Давным-давно отец работал кем-то вроде инженера, трудясь на университетском оружейном заводе, создавая оружие. Помню, он гордился этим.

Отец вновь остановился и как-то странно взглянул на меня. В его взгляде сквозила робость, смешанная со смущением:

— Ати, я, ну, в общем, я агент сиркарской полиции в Чепел Хилл. А это соответствует прежней должности мэра.

Я огляделся: вокруг изрытая выбоинами лужайка, неуклюжие домишки, люди с угрюмыми, изможденными лицами. После Вторжения мы остались прежними, немного побитыми, но гордыми. Эти люди, окружающие нас, завоеванные хруффами, подчиненные расе господ, подвергающиеся нападкам саанаэ и саготов, проиграли и в борьбе друг с другом.

Я помню мир, каким он был раньше, но повзрослел в то время, когда его будущее было туманно и неизвестно. Для меня все происходящее казалось интересным и волнующим: произошло невероятное и невозможное, а впереди ждет еще больше чудес.

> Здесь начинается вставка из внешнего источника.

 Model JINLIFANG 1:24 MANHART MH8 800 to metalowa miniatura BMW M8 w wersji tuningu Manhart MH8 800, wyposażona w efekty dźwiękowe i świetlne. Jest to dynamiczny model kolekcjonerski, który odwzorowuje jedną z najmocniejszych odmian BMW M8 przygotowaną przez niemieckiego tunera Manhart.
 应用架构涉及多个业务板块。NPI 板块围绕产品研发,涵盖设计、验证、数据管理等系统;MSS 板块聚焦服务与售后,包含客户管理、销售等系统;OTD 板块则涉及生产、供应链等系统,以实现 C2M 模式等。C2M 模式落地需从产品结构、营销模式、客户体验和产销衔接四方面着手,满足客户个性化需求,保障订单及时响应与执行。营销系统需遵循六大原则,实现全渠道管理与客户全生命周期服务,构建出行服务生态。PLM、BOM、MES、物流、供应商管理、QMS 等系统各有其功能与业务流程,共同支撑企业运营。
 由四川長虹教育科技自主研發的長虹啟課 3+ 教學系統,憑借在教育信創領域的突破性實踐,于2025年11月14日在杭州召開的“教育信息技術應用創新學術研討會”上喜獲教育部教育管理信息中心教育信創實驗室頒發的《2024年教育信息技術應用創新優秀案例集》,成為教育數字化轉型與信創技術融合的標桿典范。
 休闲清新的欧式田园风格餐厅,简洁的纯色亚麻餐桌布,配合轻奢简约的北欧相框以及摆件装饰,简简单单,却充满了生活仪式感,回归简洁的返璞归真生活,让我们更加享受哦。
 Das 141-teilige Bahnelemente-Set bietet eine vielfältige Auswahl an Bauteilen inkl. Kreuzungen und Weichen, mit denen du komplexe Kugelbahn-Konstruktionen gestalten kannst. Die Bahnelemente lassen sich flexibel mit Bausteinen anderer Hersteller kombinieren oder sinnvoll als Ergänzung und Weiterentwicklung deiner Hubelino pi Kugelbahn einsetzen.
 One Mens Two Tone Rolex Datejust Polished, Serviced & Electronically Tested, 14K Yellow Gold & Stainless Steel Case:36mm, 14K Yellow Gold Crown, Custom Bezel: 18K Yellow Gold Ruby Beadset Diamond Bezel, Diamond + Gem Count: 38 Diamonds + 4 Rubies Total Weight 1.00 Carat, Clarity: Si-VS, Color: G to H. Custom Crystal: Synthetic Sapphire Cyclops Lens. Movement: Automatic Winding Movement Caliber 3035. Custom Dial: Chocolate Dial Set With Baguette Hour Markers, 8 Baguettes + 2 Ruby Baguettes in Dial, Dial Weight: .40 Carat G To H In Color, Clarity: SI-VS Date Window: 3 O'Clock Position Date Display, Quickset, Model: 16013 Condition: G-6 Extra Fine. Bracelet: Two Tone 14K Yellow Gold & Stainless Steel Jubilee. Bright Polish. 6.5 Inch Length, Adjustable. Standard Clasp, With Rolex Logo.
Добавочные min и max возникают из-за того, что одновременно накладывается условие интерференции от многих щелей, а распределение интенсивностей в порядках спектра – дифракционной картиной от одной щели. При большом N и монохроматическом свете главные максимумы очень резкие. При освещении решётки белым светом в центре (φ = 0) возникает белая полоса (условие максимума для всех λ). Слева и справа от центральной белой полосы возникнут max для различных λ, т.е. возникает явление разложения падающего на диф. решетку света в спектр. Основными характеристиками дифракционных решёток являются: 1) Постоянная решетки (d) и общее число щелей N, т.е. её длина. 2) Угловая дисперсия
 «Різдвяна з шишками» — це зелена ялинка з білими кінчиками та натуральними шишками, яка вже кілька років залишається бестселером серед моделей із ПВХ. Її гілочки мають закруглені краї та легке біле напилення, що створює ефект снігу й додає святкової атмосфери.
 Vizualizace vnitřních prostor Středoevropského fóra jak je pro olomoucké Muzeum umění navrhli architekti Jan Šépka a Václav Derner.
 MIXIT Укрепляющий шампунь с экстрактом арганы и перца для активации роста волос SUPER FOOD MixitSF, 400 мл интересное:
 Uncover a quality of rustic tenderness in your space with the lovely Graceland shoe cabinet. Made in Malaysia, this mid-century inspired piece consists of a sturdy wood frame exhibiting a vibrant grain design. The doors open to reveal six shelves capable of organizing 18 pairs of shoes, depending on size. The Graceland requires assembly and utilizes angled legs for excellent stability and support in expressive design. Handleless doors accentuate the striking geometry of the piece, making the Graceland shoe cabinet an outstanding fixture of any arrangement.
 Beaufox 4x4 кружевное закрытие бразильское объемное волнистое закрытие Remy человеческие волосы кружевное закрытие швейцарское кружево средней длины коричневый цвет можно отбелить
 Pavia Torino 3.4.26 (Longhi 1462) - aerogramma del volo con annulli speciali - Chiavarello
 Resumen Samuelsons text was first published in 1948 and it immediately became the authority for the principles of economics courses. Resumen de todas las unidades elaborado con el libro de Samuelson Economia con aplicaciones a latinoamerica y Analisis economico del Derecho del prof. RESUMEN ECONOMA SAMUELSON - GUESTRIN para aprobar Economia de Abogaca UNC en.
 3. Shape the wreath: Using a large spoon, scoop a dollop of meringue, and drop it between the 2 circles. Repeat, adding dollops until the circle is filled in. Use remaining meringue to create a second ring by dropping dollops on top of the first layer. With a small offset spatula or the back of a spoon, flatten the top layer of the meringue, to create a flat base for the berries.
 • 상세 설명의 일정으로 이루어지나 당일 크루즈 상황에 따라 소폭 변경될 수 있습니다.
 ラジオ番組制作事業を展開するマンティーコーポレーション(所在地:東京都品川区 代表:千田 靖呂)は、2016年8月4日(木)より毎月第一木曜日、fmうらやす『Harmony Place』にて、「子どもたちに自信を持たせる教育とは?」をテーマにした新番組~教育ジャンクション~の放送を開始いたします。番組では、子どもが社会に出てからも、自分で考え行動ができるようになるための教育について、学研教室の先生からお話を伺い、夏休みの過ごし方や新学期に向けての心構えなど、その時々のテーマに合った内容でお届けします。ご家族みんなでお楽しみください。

Малыш, взрослеющий сейчас, стоит на пороге темного, неизведанного будущего, да и есть ли оно у него вообще? На что он может надеяться? Перед ним неразрешимая дилемма — сделаться рабочим или фермером. А его романтичная подружка будет лежать в своей теплой и уютной постели и мечтать ночи напролет о том, как она станет женой обыкновенного грязного работяга. Неужели все так действительно плохо?

И только счастливчики могут надеяться на хорошую работу, такую, что имели их родители — работать на сиркарскую полицию, вступать в ряды саготов, управлять поместьями господ, чье присутствие практически не ощущалось. Самые упорные еще могут мечтать улететь к звездам или трудиться по контракту на отдаленных планетах под неизвестными, чужими светилами. Есть еще одна возможность избежать участи фермера на Земле — стать колонистом, время от времени перелетая с планеты на планету во имя расы господ.

Храбрейшие и сильнейшие юноши могут пополнить ряды наемников, чтобы сражаться под чужими знаменами и под незнакомыми звездами.

Через некоторое время никого не будут волновать моральные аспекты сотрудничества с завоевателями, никого не будут мучить угрызения совести, что он является агентом сиркарской полиции в своем собственном поселении.

Мы с отцом больше не произнесли ни слова.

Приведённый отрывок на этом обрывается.